Unemployment Rates Throughout The Century

The Government of Philippines released their Economic General Information Office (EGI) report for the month of January 2021. This report shows that the unemployment rate in the country dropped to 4.2% in January. The decline is caused by seasonal fluctuations, more so, during the CO VID outbreak. The report shows that the number of unemployed decreased from 13.3% in December 2021 to 4.2% in January 2021. Though this decrease is good news, the employment situation in the country still faces certain problems.

As we all know, the number of employed people decreased throughout December 2021 due to the CO VID outbreak. The number of employed people decreased from a high of 13.3 thousand to four thousand in January 2021. So, how did the country’s unemployment rates increase during the CO VID outbreak? The answer lies on the pages 16 to 24. It is on these pages that details on the number of new job openings that were created during the period of the CO VID outbreak. These new jobs represent an increase of almost six hundred thousand jobs.

In looking at the unemployment rates during the CO VID outbreak and the months that followed, it can be seen that the job loss was widespread throughout the country. Most of the states suffered a high level of job loss. The worst hit state was Baguio. The figure shows that more than a hundred thousand jobs were lost in the state in December and January. The same trend can be seen in most of the northern part of the country, especially in Mindanao and Surgeon.

The March 2021 report on the unemployment rates during the covid-19 pandemic shows that education levels had improved tremendously. The education levels in Mindanao actually saw an increase of three percent. This improvement is attributed to the launching of the Bangus-VA Home Energy Assistance Program. An assessment by the congressional research service showed that almost a quarter million families received assistance under this program. This indicates that the program successfully reduced the unemployment rates in Mindanao.

Looking at the monthly CO VID results for the month of March, it can be seen that most districts recorded a decrease in the monthly unemployment rates. However, the figure still represents a rise in the participation rate. The decrease in the participation rate is attributed to the fact that the number of unemployed persons had reached its maximum in December and January. In a nutshell, the most striking feature of this figure is the high rate of increase in the number of persons who restarted their participation in the workforce after being laid off from their jobs. As the Congressional Research Service pointed out, only three percent of Filipino families had a steady income in December and January.
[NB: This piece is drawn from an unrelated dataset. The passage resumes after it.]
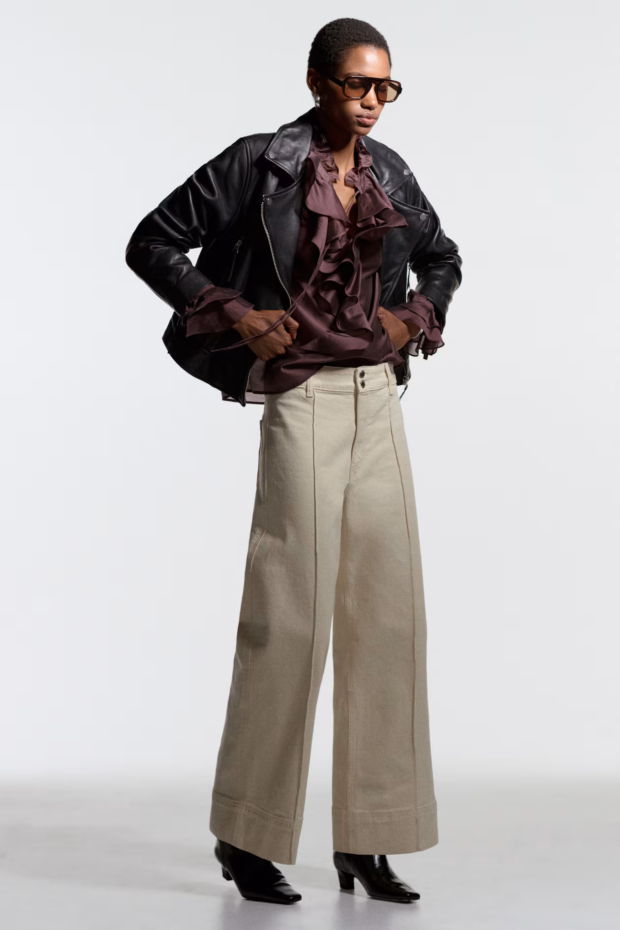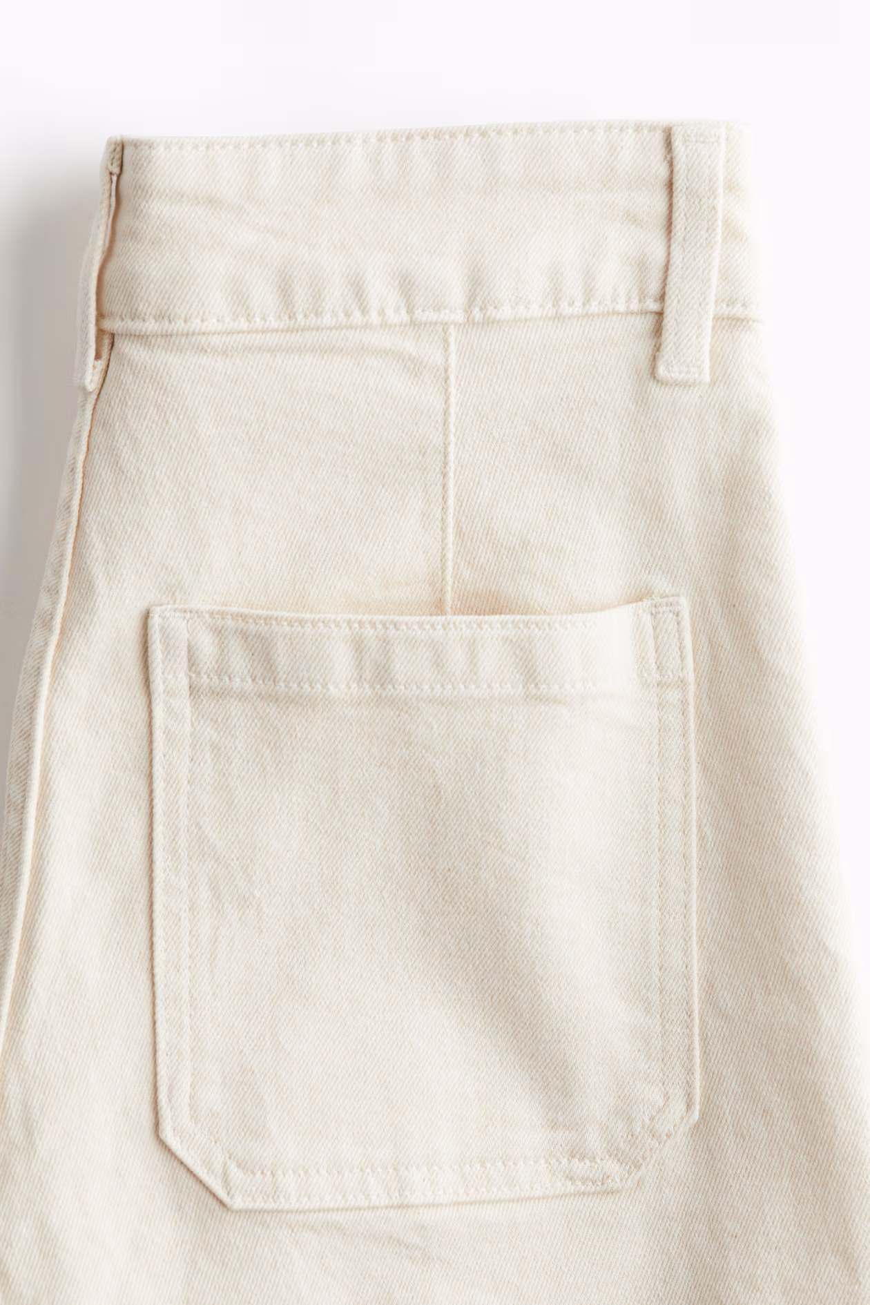 Ankle-length jeans in cotton denim with gentle stretch for good comfort. Regular fit from waist to hip and wide cut from thigh to hem. High waist, zip fly with buttons, patch back pockets, and stitched creases at front. Wide legs. Inspired by the 70s, designed for today.

There is no clear consensus regarding the indicators used by the economists to interpret the current CO VID results. Even though the figures as presented by the CDSI represent a positive picture, the unemployment rates among Filipinos is still considered as high as it is in other countries. One reason why the Philippine statistics are still unstable is because of the high degree of dependence on imported goods. As the Congressional Research Service pointed out, foreign direct investment (FDI) has accounted for approximately seventy percent of the gross domestic product growth over the past two decades.